= Saafi people =

Ethnic group of Senegal

The Saafi people, also called Serer-Safene, Safene, etc., are an ethnic group found in Senegal. Ethnically, they are part of the Serer people but do not speak the Serer language nor a dialect of it. Their language Saafi is classed as one of the Cangin languages. In Senegal, they occupy Dakar and the Thiès Region.

==Religion==

The Saafi mainly adhere to the tenets of Serer religion.

Shrines are of the utmost importance to the Saafi people. The characteristics of each shrine are different. There is a general discourse about the protecting power of the shrines and the spirits that inhabit them echoing the main themes of the ethnic boundary described earlier. Each Saafi village had at least one shrine; and the shrines, each of which had a name and specific characteristics, defined a public sphere of religious ritual that was common to the village. Bandia had the Koffki, Guinabour had Graam and a sacred well, Tchiki had Carit and Enge (an ancestral shrine), Kirène had Jayña, Ndiass (or Diass) had Sahee, Dobour had a spring with healing waters. Each shrine was controlled or administered by a particular matrilineal clan, and one clan, the Leemu, controlled most of the shrines. All the shrines served as focal points for the divination ceremonies held before the beginning of the rainy season. Most were sites of periodic sacrifice to the indwelling spirits, but the shrines had their own unique characteristics. In addition to possessing the one judging shrine that could kill, Bandia played a key role in the prayers to Koox (the atmospheric supreme God), that occurred only in serious times of drought that threatened the entire district. The shrines at Guinabour (Graam) and Diass (Sahee) could be described as wind spirits. They protected the villages by raising a wind that made them invisible to their enemies, particularly the Wolof. In more general terms, past migrations into the region and the founding of village shrines are essential features of Saafi identity and the system of defense that protected the independence of the region.

==Culture==

Unlike the Serer-Sine, and most ethnic groups of the Sene-Gambian region, the Saafi people do not have a caste system of griots, slaves, nobility, leather workers, etc. They were ruled over by the heads of the ten matriclans. They rejected Islam, monarchy (centralized government of any kind) and the social distinctions that went along with it, specifically caste and slavery. The Saafi society is purely egalitarian.

The Saafi people inhabit a fertile, well-watered region on the downward slope and valleys of an escarpment with underground streams feeding into the River. Fertility permits relatively intense farming combined with herding cattle and goats, a combination crucial to the Saafi identity and social institutions.
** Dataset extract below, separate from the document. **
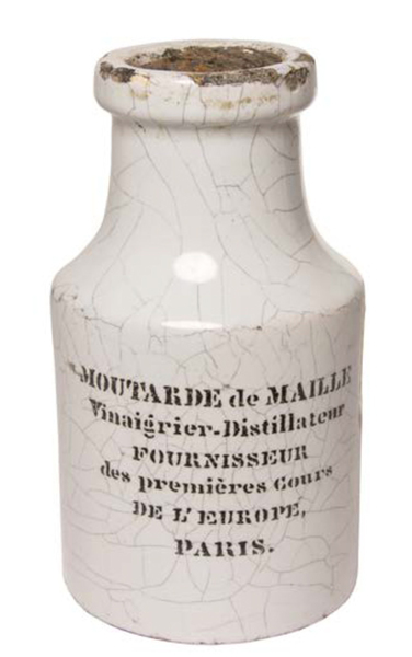 | 5d | tekst: MOUTARDE DE MAILLE VINAIGRE-DISTILLATEUR FOURNISSEUR DES PREMIERES COURS DE L'EUROPE, PARIS; met kurk mosterd |

The male life cycle is particular tied to the combination of farming and herding. Boys herd from approximately eight or ten years old until the age of initiation, which occurs between fifteen and twenty years of age. After being called by the father (in consultation with the maternal uncle) to circumcision, the boys enter an age class of initiates made up of forty to sixty young men. After a celebration, the boys are circumcised in a special enclosure where they spend three months studying cosaan (a term corresponding to history, culture, etc.) by learning songs and their meaning. By the end of the period, sustained by meat feasts supplied by fathers and uncles, the initiates emerge as an age class of bachelors with their own secret song. These bachelors receive the weapons and tools of men as gifts from the father, but from this point on they farm for themselves and their uncles. The age class is bound together for the rest of their lives, helping each other to farm, fight, raid (in particular, European colonizers - see Timeline of Serer history), and marry. Married men continue farming but leave the bachelor class. The age classes gathered together males from all clans, and they were the main potential counterweight to the power of the clan leaders. Although the bachelor class formed the military class, people placed greater stress on the protecting power of the village shrines.

==Language==

They speak the Saafi language which is part of the Niger–Congo family. Their language is the principal Cangin language and is closer to Palor and Laalaa. In Serer symbols and symbolism, the Saafi people have contributed to many of these symbols. Although not true writing within the definition of the word, Henry Gravrand posits that communication is possible between those who can decipher it, who are usually the initiated. It has been suggested that the mere fact of coming from a Serer heritage does not necessarily equate to having the ability to decipher the symbols, but requires initiation and patience.

[...] the ability to decipher a Serer symbol, for example, does not automatically follow from membership in this group nor from having simply lived with these people, the knowledge of signs is neither innate nor acquired by mere association, but rather the result of a long and patient apprenticeship.